HHDH Mousse Event:
I have been looking for a mousse recipe for this event for a while now. I wanted to find one that was truly special. After visiting Helene’s blog – Tartellete, over and over again, I keep seeing these wonderful posts she makes. She pushed the bar way up there.
I knew that I need something that was not common. The other week I made a recipe I had been thinking about using for the event: chocolate with chilli mousse. That turned out to be a bit of a saga: first I wanted to find an egg substitute for the recipe and read a bit about it. In the end I decided to give vinegar a try as replacement because I had read somewhere that it would do the job. Well, what it didn’t specify, and me being so eager didn’t use my head, was that it was probably good but not for stuff like mousse. When I tried the mousse I could tell straight away that there was something wrong with it. The texture didn’t look right, and the taste...well, it was as if the ingredients had not really gelled together. I was terribly disappointed. I ended up making the recipe again, this time to the letter. I then decided to serve it to my guests without telling them about the chilli ingredient first. I wanted to see if they would notice it. The chilli was noticeable without being overpowering. My guests liked it – they even said that had they known about the chilli they wouldn’t have tried it, but they were glad they hadn’t been told in advance. That was a very successful try in the end.
However, I was still looking for THE recipe, and I read books, magazines, marked pages…However, today I decided that I would have to pick one and stop with all the fuss. After all I might have ended up missing the event all together.
I ended up choosing a chocolate and chestnut mousse by Mary Cadogan, an amazing British food editor who is spending some time in France at the moment and keep posting these great recipes and a lovely diary.
The recipe asks for chestnut purée so I dashed to my local supermarket to get some. I had to prepare the recipe before changing my mind again. I also decided to buy some cooked chestnuts as well as I cannot find them al natural at this time of the year – it would be nice to have some sliced on top of the mousse. At in the end I was glad that I decided to do that as it looked quite pretty – click on the picture to enlarge it.
I was just not so impressed with the final result though. Don’t take me wrong, it was rather lovely, but in a way it just tasted like any other chocolate mousse. I kept trying to find the chestnut flavour in it and I honestly did not. I think that the role of the purée might have been to play with the texture – I did find creamy in a special way.
That’s what you need for the mousse:
Chocolate & Chestnut mousse
200g bar dark chocolate
200g sweetened chestnut purée
5 eggs, separated
4 tbsp brandy or Cognac
284 mil carton whipping cream
1. First of all take 25g of the dark chocolate and use a vegetable peeler to make chocolate curls. Set the curls aside until you need them.

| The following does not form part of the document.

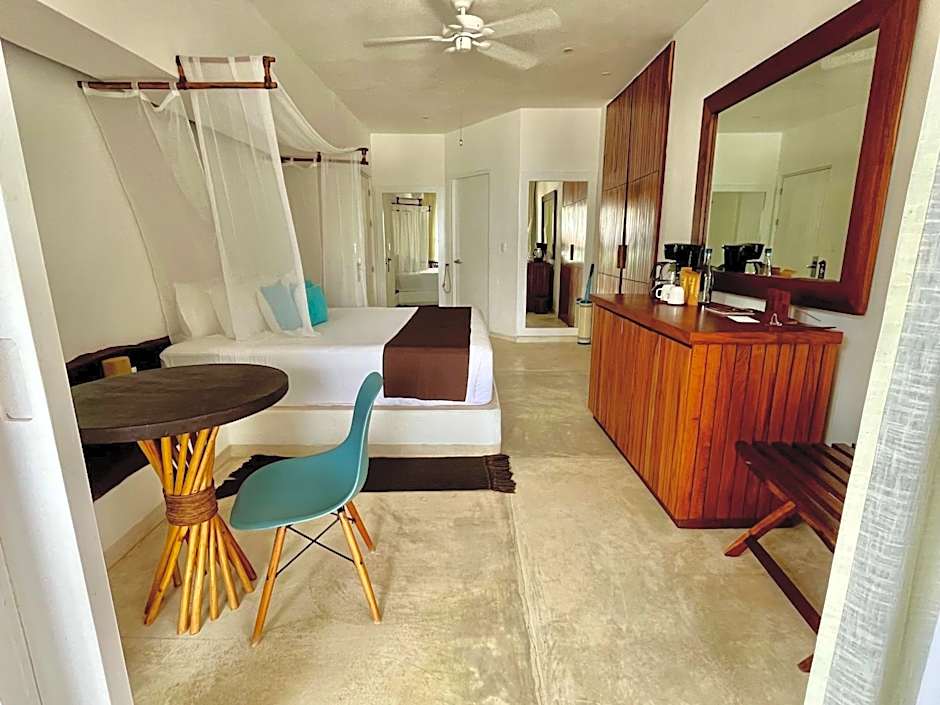 This room is surrounded by a garden area, a few steps away from Tulum’s beach, the pool and deck area. The rooms are all ground floor. It features a furnished terrace patio, a hammock on the front, a private plunge pool and sofa facing the pool.
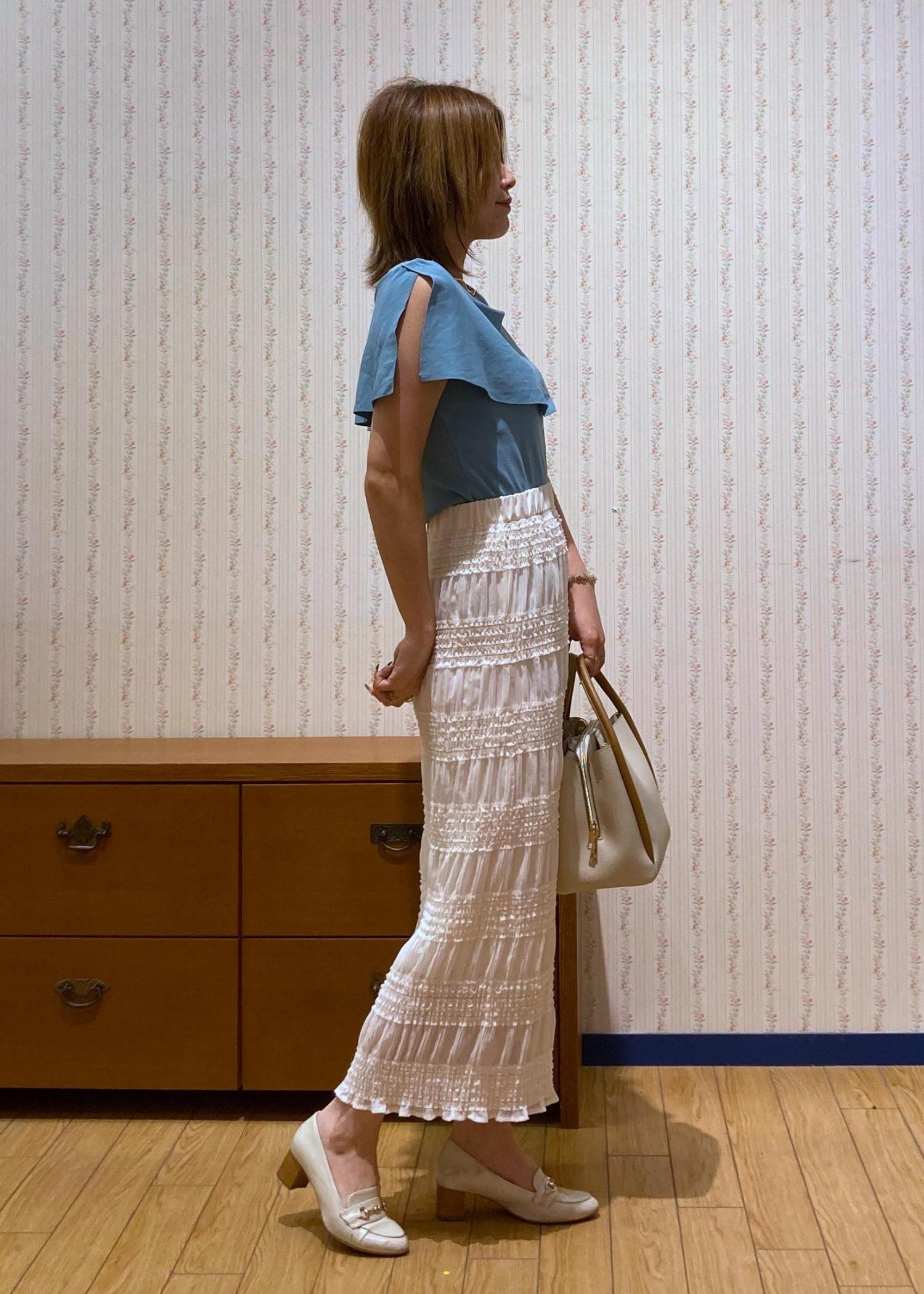 ROPÉ PICNICフリルギャザーロングスカートホワイト / 38¥6,490レビューウエスト総ゴムで履き心地抜群です!

2. Break up the remaining chocolate, then put it in a large bowl over a pan of simmering water until melted (you know the drill – don’t let the bowl touch the water). Remove from the hit then stir in the chestnut purée until smooth. Stir in the egg yolks and brandy. It might look as if it will not all blend together, but it will. Have faith.
3. Whisk the egg whites in a large, clean bowl until stiff, stir a quarter into the chocolate mix to soften it, and then fold in the remainder until well mixed. Divide the mixture between your bowls/cups... whatever you might want to use for your mousse. Put it in the fridge for at least 2 hours.
4. When it take them out of the fridge to serve up, quickly whip the cream and spoon it over the mousse. I then added slices of the cooked chestnut and to finish it off I sprinkled it all with the chocolate curls.